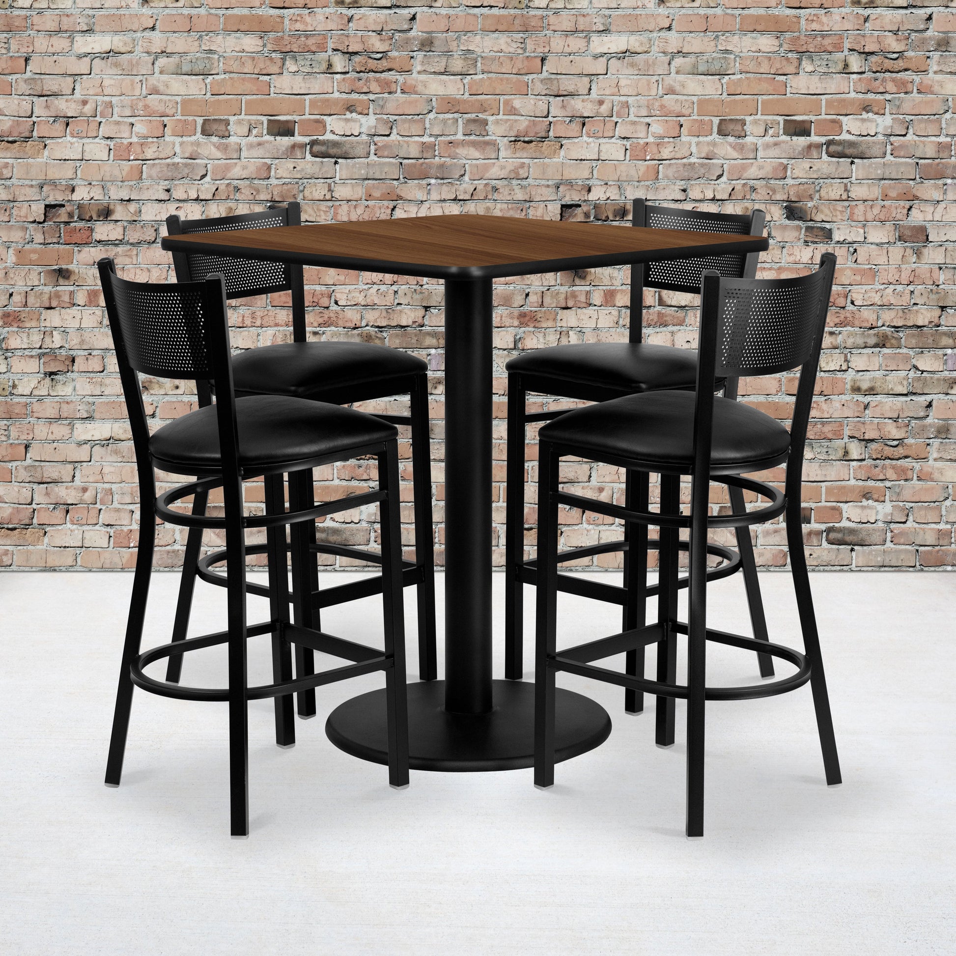 Clark 36'' Square Walnut Laminate Table Set with 4 Grid Back Metal Barstools - Black Vinyl Seat Dimensions: 36"W x 36"D x 42"H
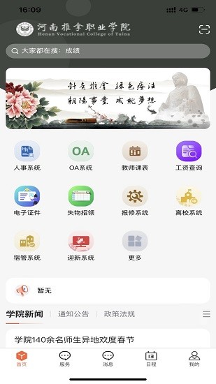 河南推拿职业学院移动APP“我i河推”集成了校内各大业务系统、管理系统、办公系统实现校园app一体化,打破了信息壁垒、实现了数据共享,一个账号畅通无阻,为河南推拿职业学院师生提供一站式的校园移动服务。
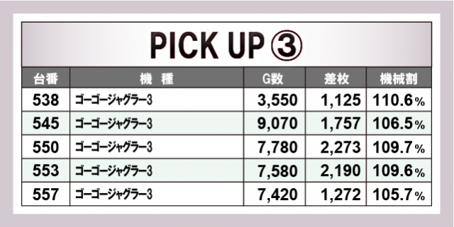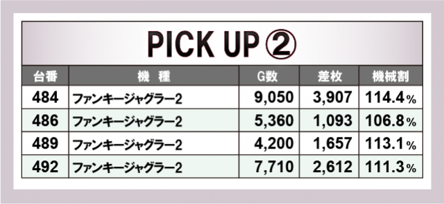 続いては、この日の好調3機種をみていこう。『吉宗RISING』343番台+6,933枚や『ファンキージャグラー2』484番台+3,907枚、『ゴーゴージャグラー3』550番台+2,273枚・553番台+2,190枚など好感触な記録が目立ち、ファンはレバーオンをする力が強くなっていったはずだ。回転数からも察することができるが、相当な手応えを感じられ、同店の初戦を大きく盛り上げてくれたと言えよう。
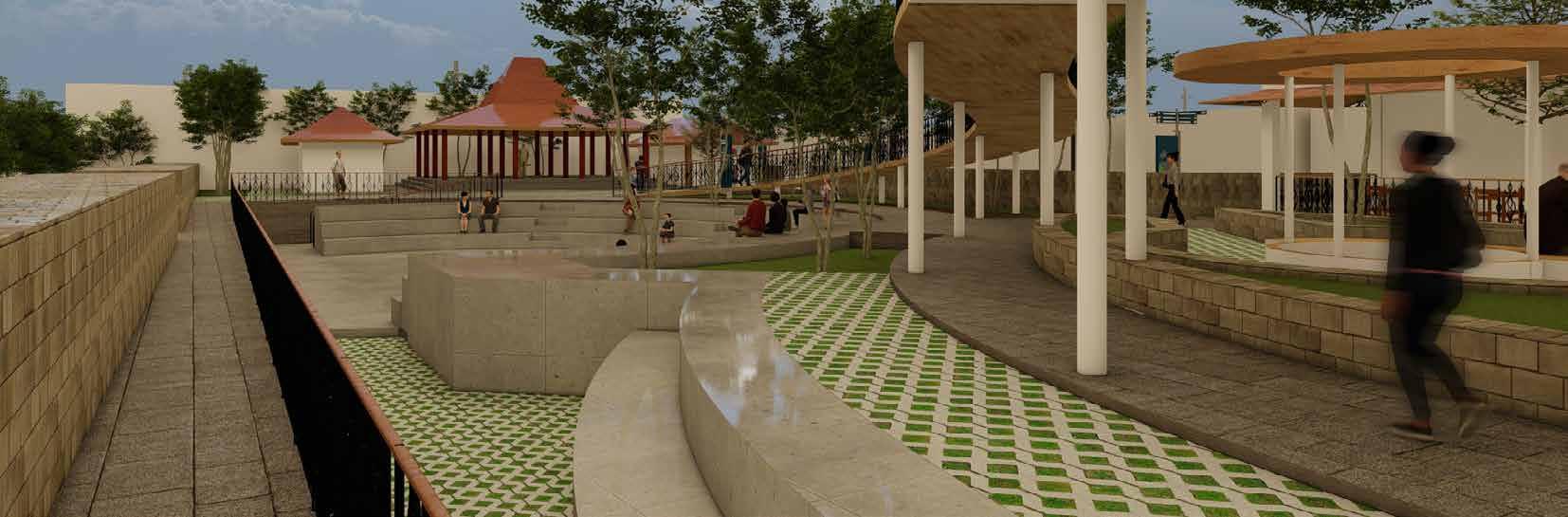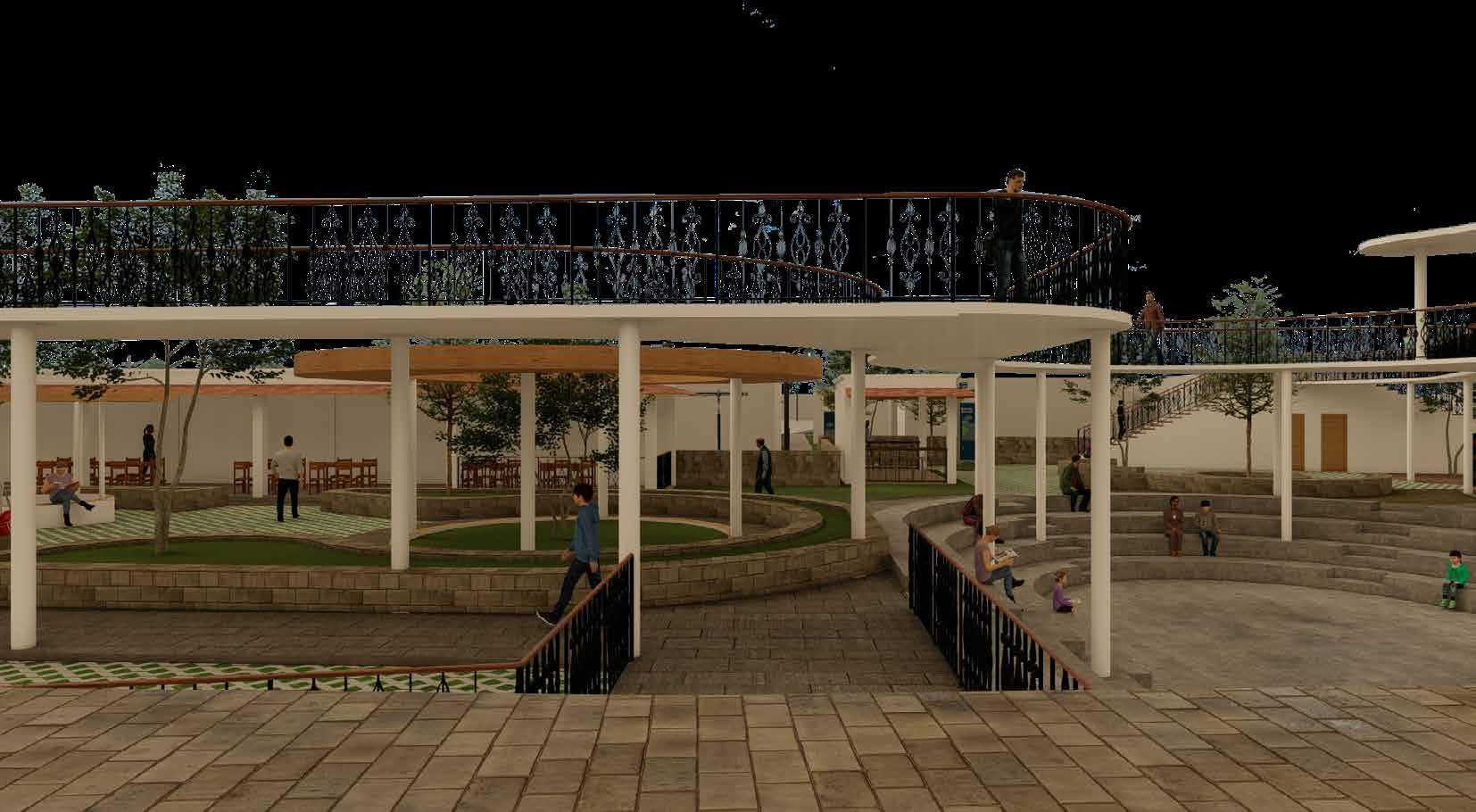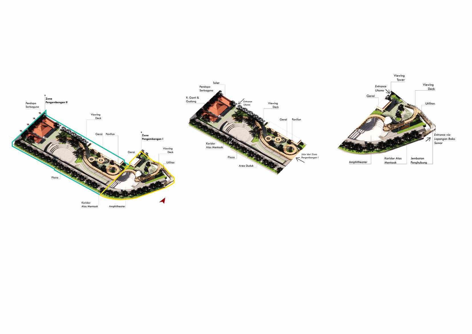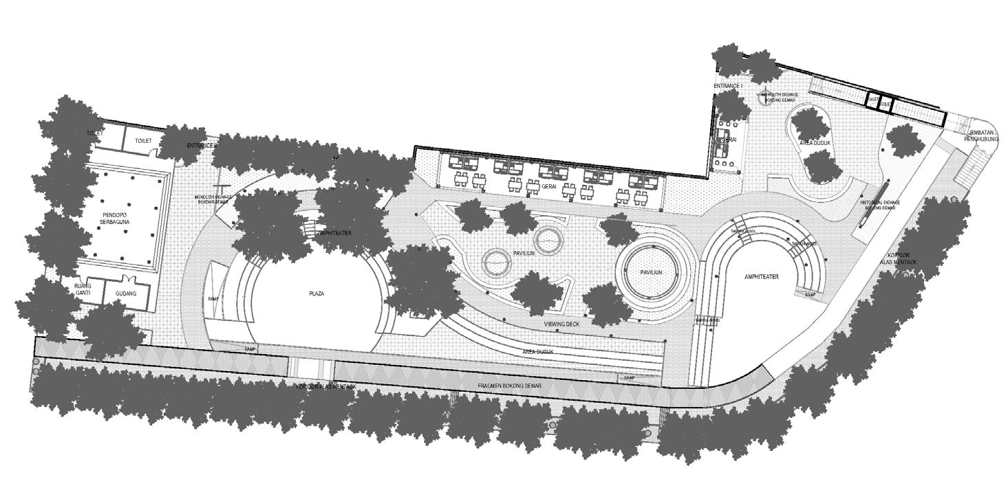 The Zone I design plan focuses on responding to the shape of the fort fragments in the curved Bokong Semar area. The amphitheater is placed in the fort arch area, with fragments of Bokong Semar as the background. The viewing deck was created so that visitors can enjoy the fort from a height.

## What you have to do
Make an exact copy of the whole listing, but don't bring over any pictures.

## Solution to the problem
 Clark 36'' Square Walnut Laminate Table Set with 4 Grid Back Metal Barstools - Black Vinyl Seat Dimensions: 36"W x 36"D x 42"H
 河南推拿职业学院移动APP“我i河推”集成了校内各大业务系统、管理系统、办公系统实现校园app一体化,打破了信息壁垒、实现了数据共享,一个账号畅通无阻,为河南推拿职业学院师生提供一站式的校园移动服务。
 続いては、この日の好調3機種をみていこう。『吉宗RISING』343番台+6,933枚や『ファンキージャグラー2』484番台+3,907枚、『ゴーゴージャグラー3』550番台+2,273枚・553番台+2,190枚など好感触な記録が目立ち、ファンはレバーオンをする力が強くなっていったはずだ。回転数からも察することができるが、相当な手応えを感じられ、同店の初戦を大きく盛り上げてくれたと言えよう。
 The Zone I design plan focuses on responding to the shape of the fort fragments in the curved Bokong Semar area. The amphitheater is placed in the fort arch area, with fragments of Bokong Semar as the background. The viewing deck was created so that visitors can enjoy the fort from a height.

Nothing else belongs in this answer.